Unfortunately, counterbalancing cannot always be applied successfully. First, sometimes a problem called assymetric transfer or differential carry-over arises. To illustrate this problem, consider the pair of tables that are provided below. Again, the top half of this table represents the mood of individuals who listened to 'Kill and main' first. The bottom half of this table represents the mood of individuals who listened to 'I'm a little teapot short and stout' first.

 Participant First song heard Kill and maim I'm a little teapot... Amber Kill and maim 5 3*** Bob Kill and maim 2 4*** Carl Kill and maim 7 6*** Donna Kill and maim 5 5*** . . . . . . . . Mandy Kill and maim 1 3***

 Participant First song heard Kill and maim I'm a little teapot... Neal I'm a little teapot 3* 6 Oliver I'm a little teapot 1* 8 Petra I'm a little teapot 6* 9 Rachel I'm a little teapot 3* 8 . . . . . . . . Zoe I'm a little teapot 1* 5

Consider the participants who listen to 'Kill and Maim' first.

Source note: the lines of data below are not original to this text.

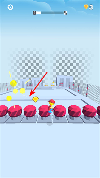 2、在障礙收集環(huán)節(jié),操控角色在紅色圓柱障礙上移動(dòng),通過點(diǎn)擊屏幕控制跳躍節(jié)奏,優(yōu)先收集黃色道具,同時(shí)留意網(wǎng)格背景與布局。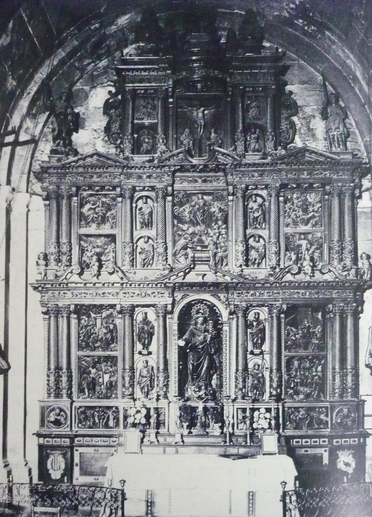 Retaule en el que varen intervenir-hi diferents mans. Al 1614 es contracten els escultors Benet Baró i Jeroni Clavaria, juntament amb el fuster Marçal Prats. Al mateix 1614, en principi, s'hauria contractat a Agustí Pujol I. Els vuit plafons de la predel·la es correspondrien amb els treballs contractats a Onofre Fuster el 1618. A la dècade 1630 es contracta a Josep i Llàtzer Tramulles, que no acaben els treballs fins més enllà de 1662. El daurat s'allargaria uns quants anys més. Es trobava a l'interior de l'església parroquial de Sant Joan Baptista.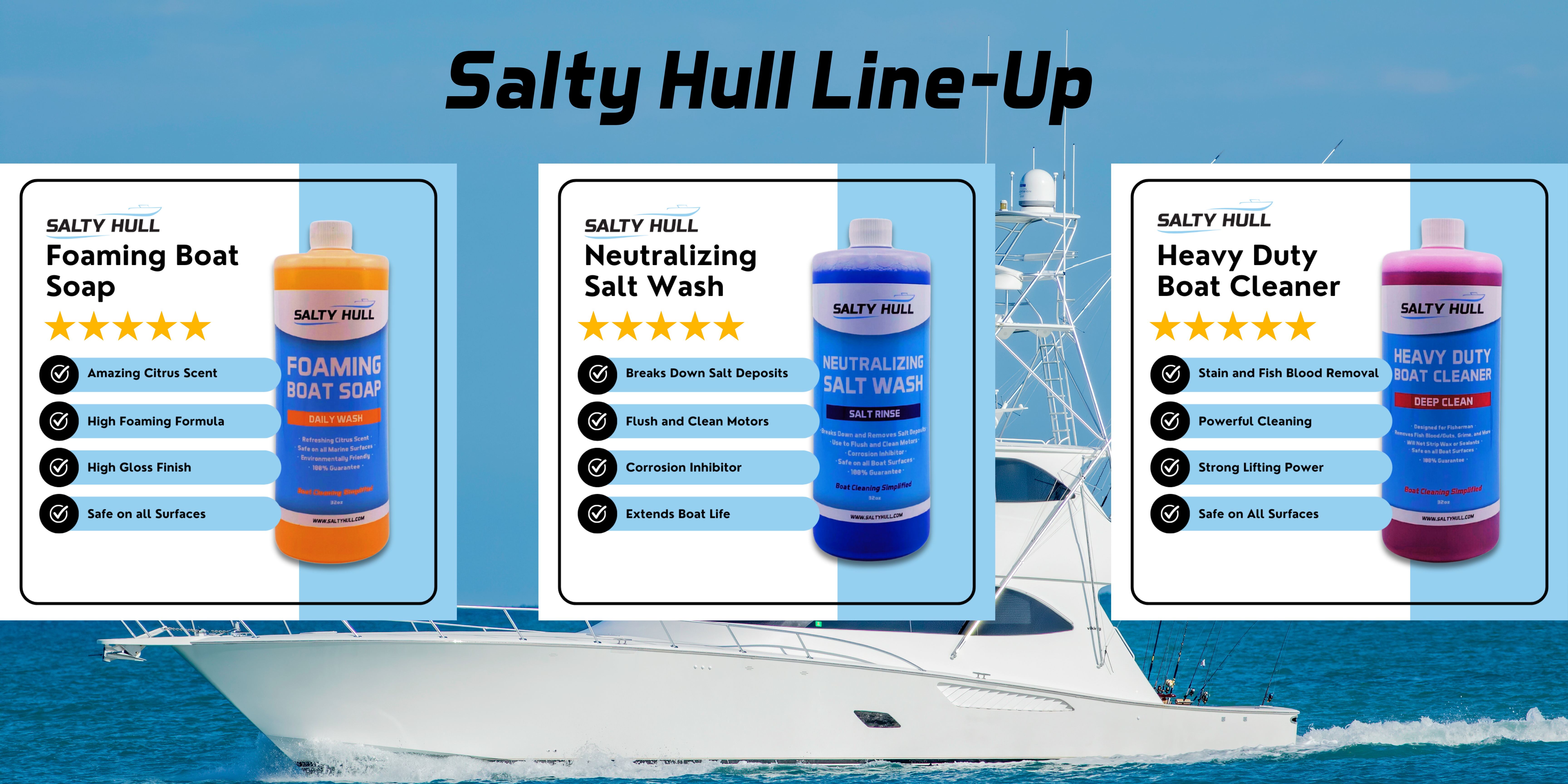 No More Buckets • Just Foam & Rinse Neutralizes Salt • Stops Corrosion Before It Starts Fast Turnaround • Back on the Water Sooner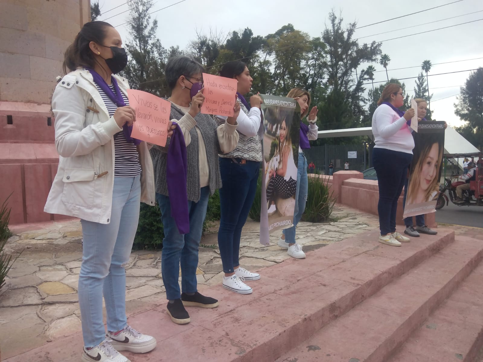 Familiares de las hermanas Daniela y Viviana Márquez Pichardo, se manifestaron en el monumento a la bandera.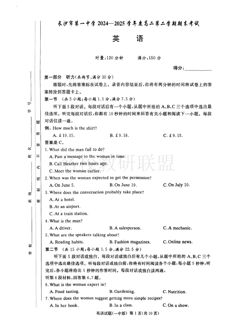 长沙市第一中学2024-2025学年度高二第二学期期末考试 英语试题(含答案).pdf
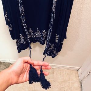 This navy blue piece is so cute! I got it as a gift which was bought from a boutique and just never found myself wearing because I already had one similar. So it’s has never been worn and still has tags! Let me know if you have any questions! Also not the tagged brand just tagged for exposure
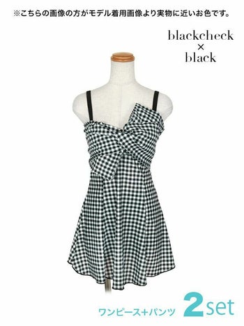 水着 ガーリー ギンガムチェック ワンピース バストリボン ビキニ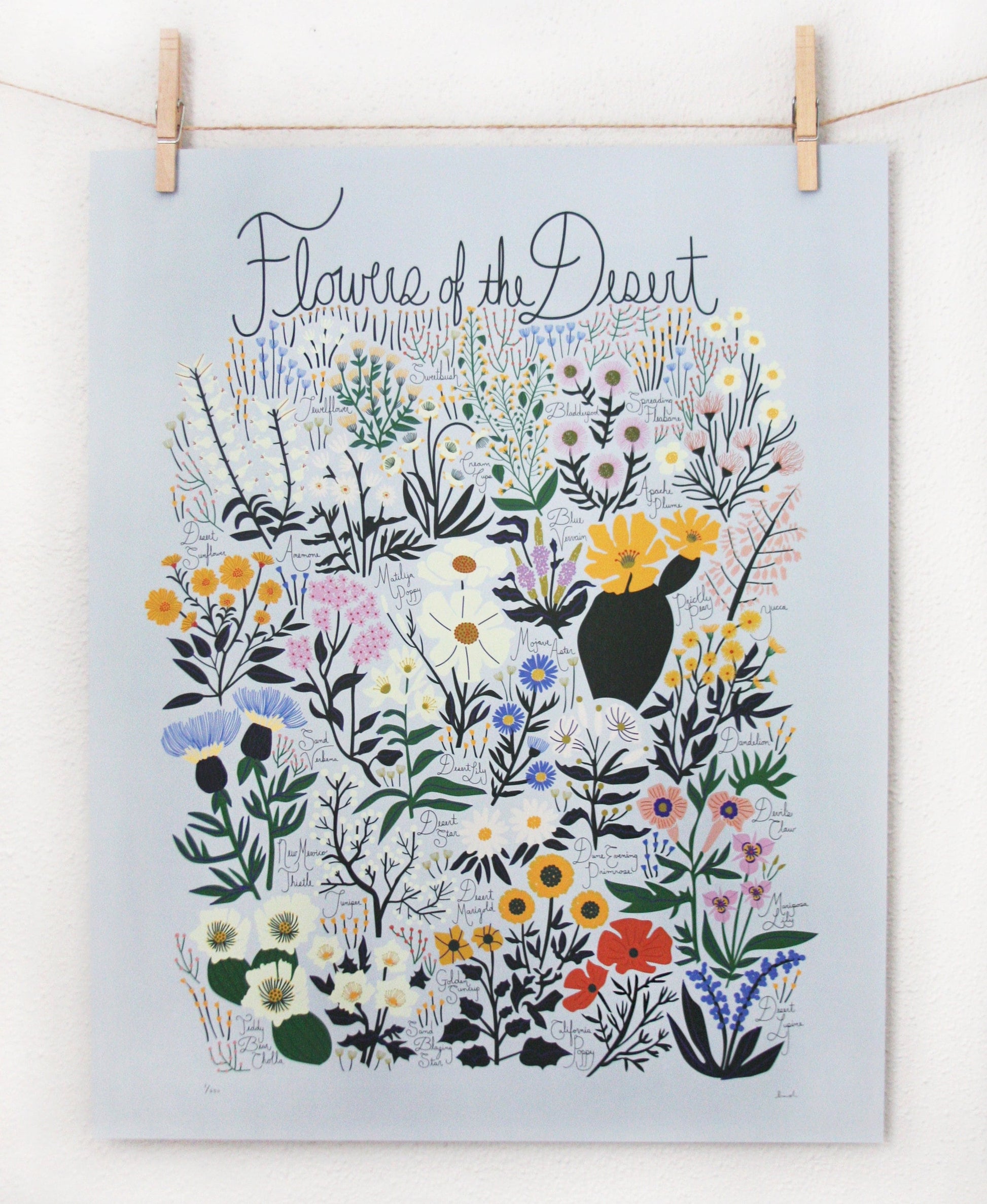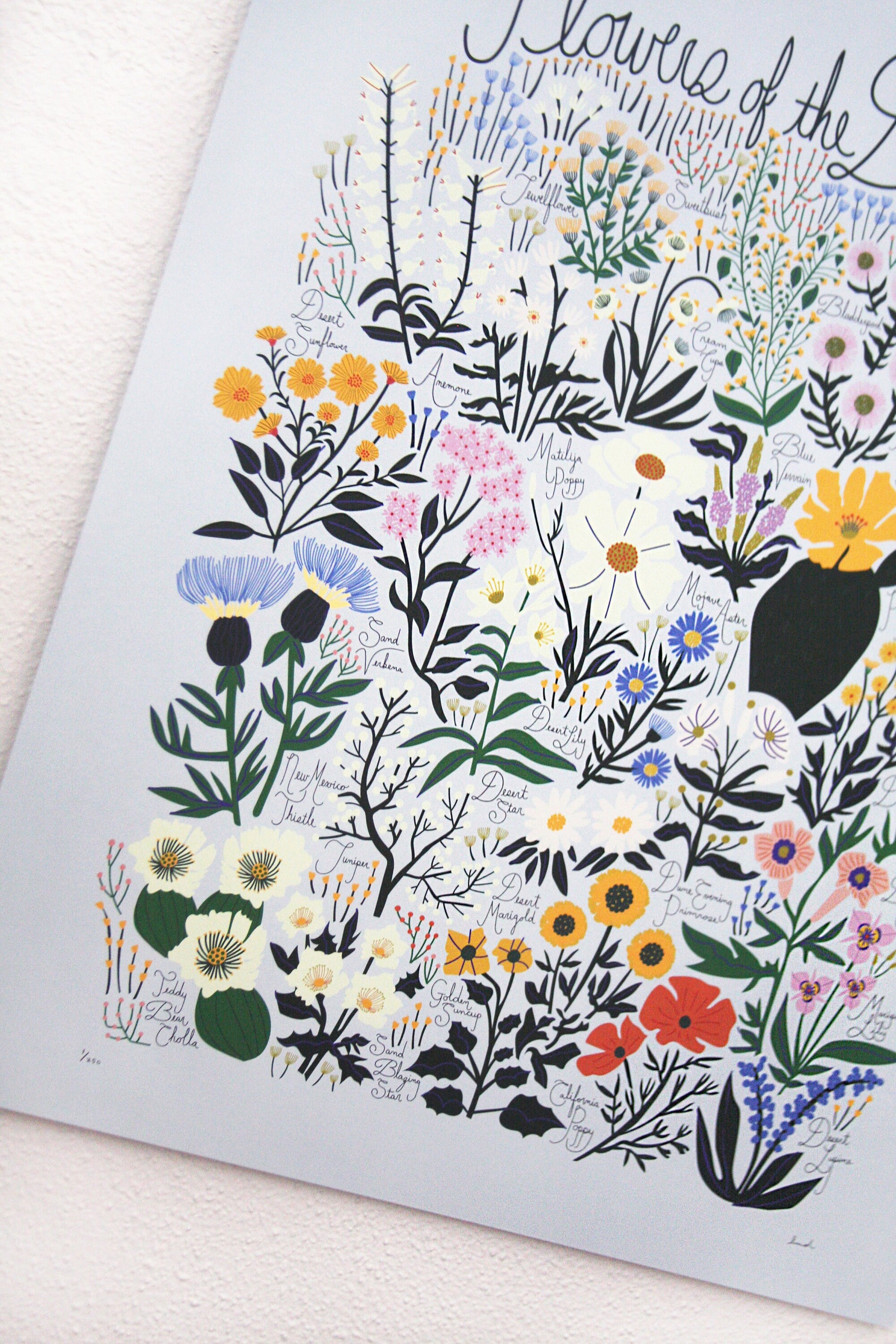 - Flowers featured: Jewelflower, Sweetbush, Bladderpod, Spreading Fleabane, Apache Plume, Blue Vervain, Cream Cups, Matilija Poppy, Anemone, Desert Sunflower, Mojave Aster, Prickly pear, Yucca, Dandelion, Devil's Claw, Desert lily, Sand verbena, New Mexico Thistle, Desert Marigold, Dune Evening Primrose, Desert Star, Mariposa Lily, Desert Lupine, California Poppy, Golden Suncup, Sand blazing star, Teddy bear cholla, and Juniper.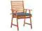 These garden chairs are made of solid acacia wood, a tropical hardwood, which is weather-resistant and durable for years of use. The oil finished surface is easy to clean with a damp cloth. The slatted design will bring a rustic charm. What's more, the included cushions provide extra comfort while seating. It is made of 100% polyester that has been treated to make it waterproof. Each cushion has two sets of ropes to fix it on the chair tightly.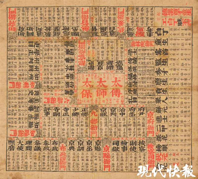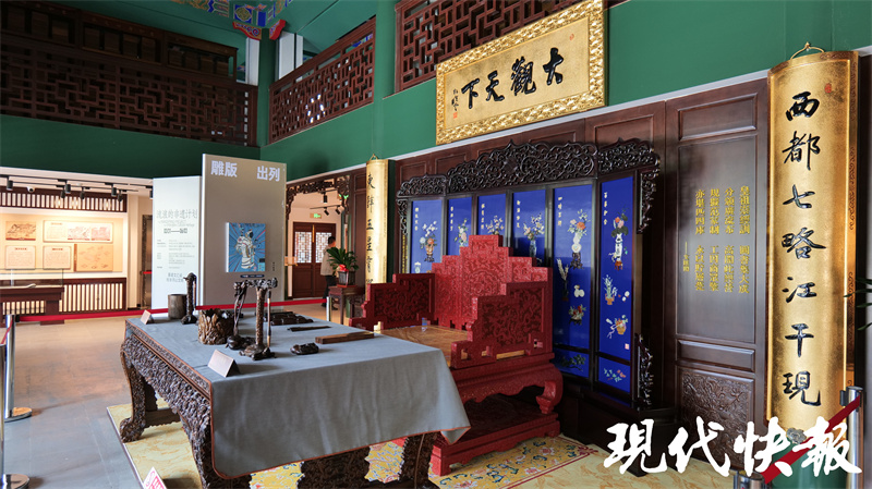館內鴛鴦廳為“何以狀元”主題展廳,通過實物展品再現(xiàn)古代科舉流程,介紹了一個狀元是如何誕生的。現(xiàn)代快報記者了解到,2001年,在整修鴛鴦廳時,曾在上方發(fā)現(xiàn)一方被后人所加“吊頂”遮住的匾。潘世恩高中狀元后,為官五十余年,歷經四朝,深得皇帝恩寵,被譽為“三百年間第一福氣之人”。每逢大壽,皇帝都會親賜御匾。后經專家考證,該匾即是道光皇帝于潘世恩六十大壽之時御筆賞賜的黑底盤龍金書方匾。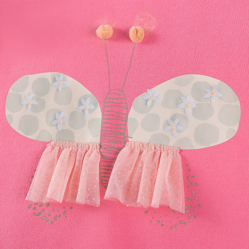 Spring and Autumn Girls Butterfly Cartoon Pattern Long Sleeves Crew Neck Top Sweatshirt and White Pants Clothing Set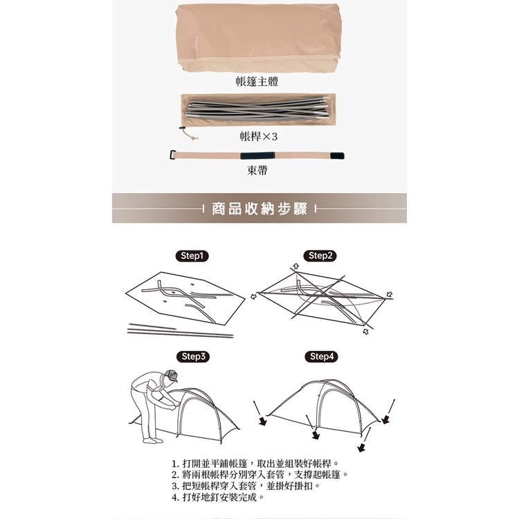 配件:帳桿x3、地釘x6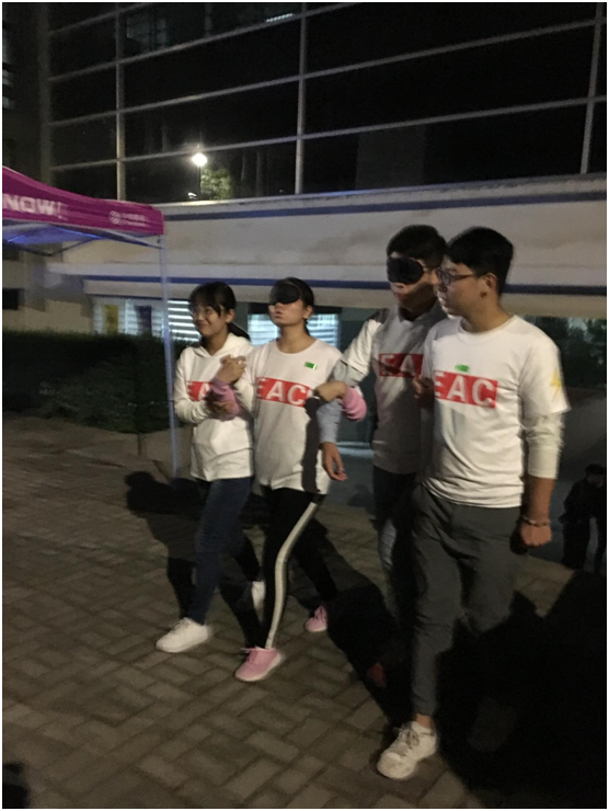 据悉,此次活动共分为28组,每组有两位同学,一位蒙着眼睛另一位负责指引并共同行进,另有9名安全员和3位教练,分别负责活动期间的安全工作和细则。由行政楼处的树林为起点途经二号教学楼、四号教学楼、喷泉广场、图书馆后的树林、博学路、景观大道最终到达二号教学楼。活动持续一个半小时,最终大家相聚于一起以PPT的形式回味活动的点滴并交流心得。

These individuals are most likely to be deafened, as well as fatigued, after they listen to 'Kill and Maim'. Hence, these participants will not even be able to hear 'I'm a little teapot short and stout'. As a consequence, 'I'm a little teapot short and stout' will be unable to enhance mood at all. In other words, the presentation of 'Kill and main' appreciably contaminates the responses to 'I'm a little teapot short and stout', as depicted by the three asterisks.

On the other hand, consider the participants who listen to 'I'm a little teapot short and stout' first. These individuals will not be deafened after they listen to 'I'm a little teapot short and stout'. Hence, these participants will be able to hear 'Kill and maim'. As a consequence, 'Kill and maim will theoretically be able to enhance mood. In other words, the presentation of 'I'm a little teapot short and stout' only marginally contaminates the responses to 'Kill and maim', as depicted by the single asterisks.

In other words, when the data from both sets of participants are combined, these distortions will not annul each other. Instead, mood in response to 'I'm a little teapot short and stout' will be unfairly depressed. This problem arises whenever the impact of the first condition on the second differs from the impact of the second condition on the first. Whenever asymmetric transfer is likely, a between-subject design is more applicable.

In addition to asymmetric transfer, other issues can also undermine the legitimacy of counterbalancing. For example, counterbalancing is difficult to organize. That is, the need to vary the order in which the conditions are administered can be cumbersome. Indeed, in some instances, this task is unattainable.

To illustrate, suppose you would like to compare the mood of individuals before and after they listen to 'Kill and maim'. In this instance, assessments of mood before participants listen to the song must always precede assessments of mood after participants listen to the song. The order of these conditions cannot be varied or counterbalanced. In other words, a between-subject design must be introduced, where some of the participants do not listen to 'Kill and maim'.

### Conclusion

In summary, to ascertain whether a between-subject or repeated-measures design is most applicable, the following scheme should be followed.

First, determine whether or not a repeated-measures design, with counterbalanced conditions, could yield asymmetric transfer. If so, use a between-subject design.

Second, estimate the proportion of participant that would refuse to participate if they had to undertake all, rather than one, condition. If more than 50% of the individuals who would agree to complete one condition would refuse to partake in all conditions, use a between-subject design.

Third, determine whether or not all participants must undergo the same process. If so, use a between-subject design. If none of these restrictions apply, use a repeated-measures design that entails counterbalancing.